Quoting the article above:

I can see the value in having a rehabilitation-oriented halfway house type thing before prisoners are released, but I can’t really imagine trying to defend that last photo

Seriously? They need million dollar art to rehab these people?

Too funny - I attended Stirling for a year. Live in Murray Hall; a fine dorm. If I could wake up in the morning to look out over the foggy countryside and hear a bagpipe play off in the distance, I would consider prison…:wink:

I feel that the very idea of prison as a deterrent is based on a very, very bleak view of humanity: That we would all be violent rapists and bank robbers unless we were constantly walking around being frightened of consequences. Only an outside threat of possible punishment is keeping us from descending into a state of selfish violence against our fellow men. In this view, the natural state of a man, unless kept in check, is to be a criminal.

Fine, for some people that may be true. I refuse to believe, though, that this applies to the majority. The idea of rehabilitation is that if a person, through education, can be thought how to lead a productive life, and is given a place in society, he will no longer see any need to commit crimes. The temptation will be gone. Leaving peacefully and productively is the normal state. It’s the crime that is the aberration.

I think we can all, to some extent, agree that this is true. A fear of being sent to prison just isn’t the reason most of us don’t commit crimes. We don’t commit crimes because we don’t have to. We don’t feel like doing so. It mostly doesn’t enter our world view. We occupy a place where being a criminal mostly isn’t on our radars.

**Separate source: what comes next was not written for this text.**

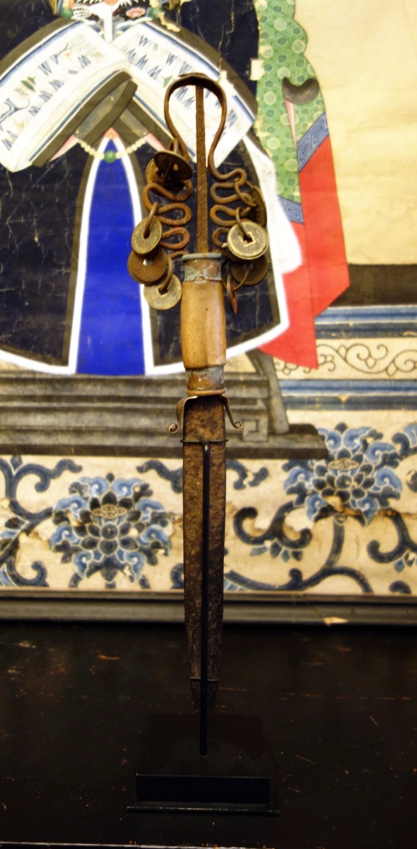 TIBET ? POIGNARD, la poignée ornementée de pièces trouées.

If this is the case, the role of the prison should be to educate the human being, not punish the criminal, and not to keep the population in fear. They don’t need to be hellholes for that.

(Of course, for certain prisoners who are too far gone to be rehabilitated, or too dangerous to society to be given too much freedom, other principles should probably apply… that don’t involve flat-screen televisions or tennis courts.)

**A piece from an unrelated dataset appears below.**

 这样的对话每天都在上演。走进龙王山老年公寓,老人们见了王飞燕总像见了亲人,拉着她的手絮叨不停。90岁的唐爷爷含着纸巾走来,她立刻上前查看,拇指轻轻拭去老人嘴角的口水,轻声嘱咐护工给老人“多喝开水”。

I know a few folks who had accomodations at this four star establishment that would definitely beg to differ with you (yes it is still operational) :dubious:

Medieval gaols aside, I think it depends on the person and the kind of life they were living on the outside. I personally would do (or not do as it were) *anything * to never spend another *hour *incarcerated. There is just simply nothing more unbearable to me than be surrounded by deplorable people from which there is no escape, no matter what the surroundings are like( I didn’t mean that as snobby as it sounds, I just couldn’t think of a better way to say it. Hell, I can’t even stand to have a room mate). Looking out the window(if you’re so lucky) and seeing the outside world that you are no longer a part of. On the other hand there is a reason that some people go back repeatedly; they’ve gotten used to it or it’s actually better than whatever else they have outside.

It’s worth asking- are ALL Norwegian prisons that nice, or are the nice ones made for a specific type of prisoner?

That is, Norway might have some old fashioned, unpleasant prisons for hard-core thieves and killers, but might maintain nicer ones as:

  1. A place for white collar crooks and non-violent ofenders, and

  2. An incentive for the guys in the unpleasant prison to keep their noses clean (“with a few years of good behavior, they might transfer me to the nice spot”).